Muir Woods, Winter Solstice 2010
I’ve got too much to do and too little time to do it.
Does that sound familiar?
I keep finding myself thinking these days how do people do this? Specifically, how do women do this? How do mothers do this? How do we keep all these balls in the air simultaneously? Talk about juggling. Life these days feels like juggling while balanced on one foot on one of those semi-circle exercise balls they have at the gym, while drinking a cup of coffee and changing a diaper.
Finding myself in a state of overwhelm is a cyclical phenomena for me. It used to be that I could track it monthly with my cycle. Ovulation = Overwhelm. At least it was predictable – all those Os smack dab in the middle of every 28 days. These days, I have one of those IUDs where you don’t get a period, so I don’t know my cycle anymore. I just know that things that felt (kinda sorta barely) manageable two days ago – BOOM! – today feel insurmountable.

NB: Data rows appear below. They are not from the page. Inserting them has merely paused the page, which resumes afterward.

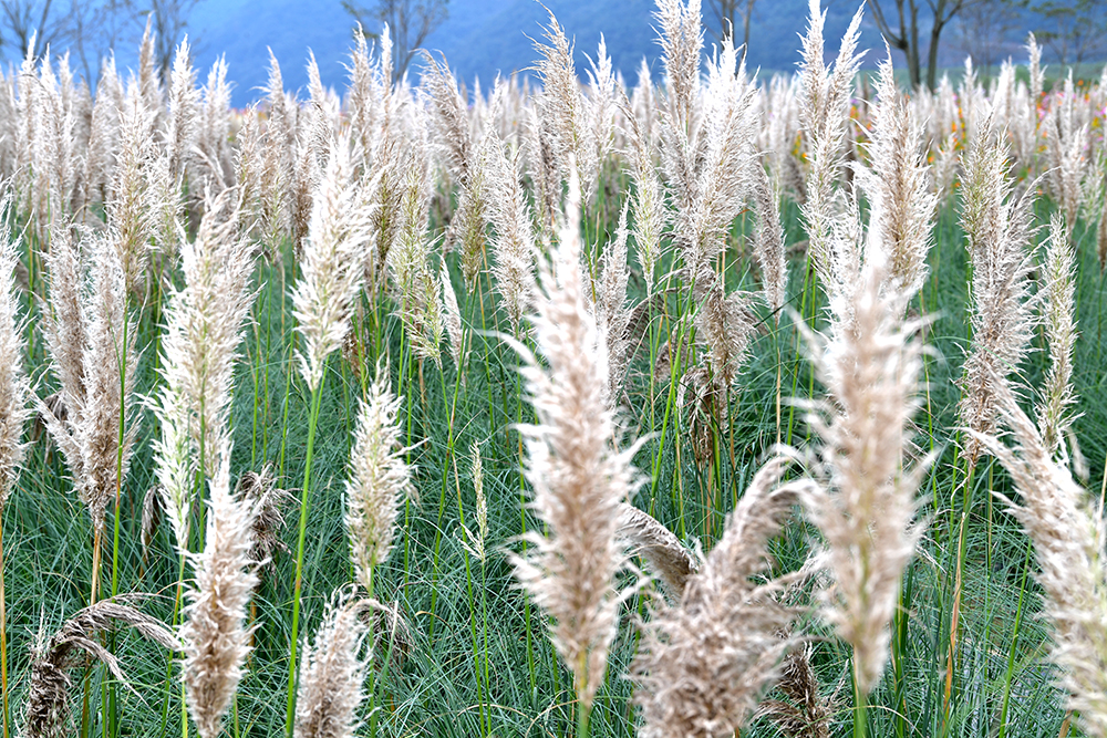 이윽고 팜파스 군락지에 도착했습니다. 새벽에 내린 비 때문인지, 팜파스가 활짝 열리지 않았습니다. 다소 아쉬운 모이었지만, 오히려 그 독특한 분위기가 매력적으로 다가왔습니다. 서양 갈대라는 팜파스가 가을 풍경과 잘 어울리는 식물임을 새삼 느낄 수 있었습니다.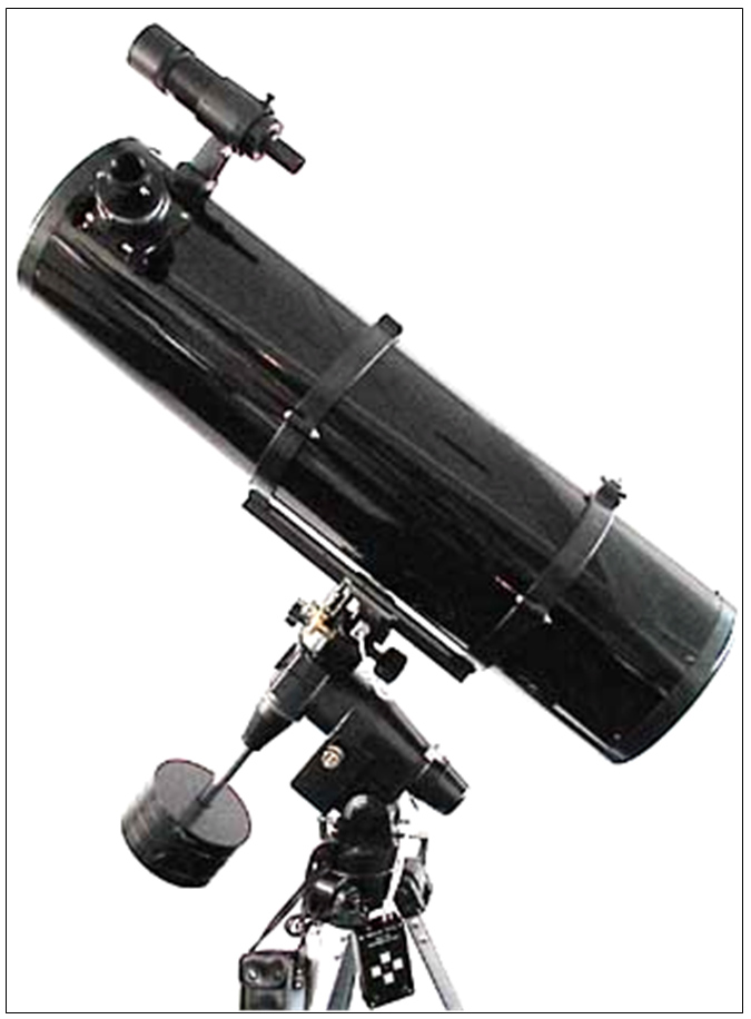 - FOTO - Telescópio reflector de Newton, em montagem equatorial alemã sobre tripé. (JPEG, 104 KB)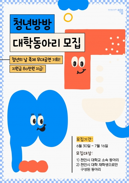 천안시 대학 재학생으로만 4명 이상 구성된 음악, 연주, 댄스, 영상, 연극, 뮤지컬, 퍼포먼스, 전통 등 무대 공연이 가능한 문화예술 분야 동아리를 모집해 7월부터 10월까지 약 4개월 동안 다채로운 문화예술 활동을 펼칠 수 있도록 지원한다.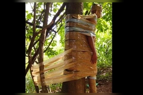 Jovem é encontrado amarrado em árvore com fita adesiva dos pés à cabeça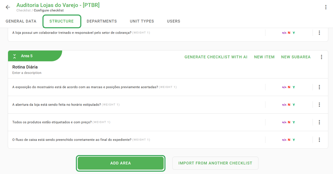 The next tab is Structure, where you will add questions and add-ons to your checklist. In general, this is the part that will be evaluated by the user applying the checklist.

Today I’ve not been able to find about seven different items in my house. On this shortest day of the year, as rain falls from gray skies, it feels like objects are playing hide and seek in the deep shadows, in the clutter on my black countertop, in the dark corners behind the baskets of toys and soccer balls. I could blame small hands grabbing and moving things. But I suspect this time it’s actually not the toddler’s fault.
And what about the clutter in my mind? The dark shadows and the corners that need a good airing? What is to be done about those?
I know I need to let go. Let go of the ever-growing stacks of papers that won’t be sorted anytime soon, the kindergarten artwork that will remain in its bag, the video that won’t make its way off the tiny video camera tape quite yet. In the big picture, none of that matters.
And yet today it does. All this clutter surrounding me, all this mean to want to should get to that sometime soon is looming in on me. All this busy-ness. All these lists. It’s probably not coincidence that, during the long, dark nights of winter, I always start to feel like the walls of my tiny house are closing in on me. Suddenly what often feels cozy strikes me as clausterphobic instead.
I’m ready for some mental and physical space around me, a clarity of vista, both internal and external. To step away from my life and gain a little perspective. I guess that’s the perfect space to be in as darkness descends on the longest night and the new year approaches.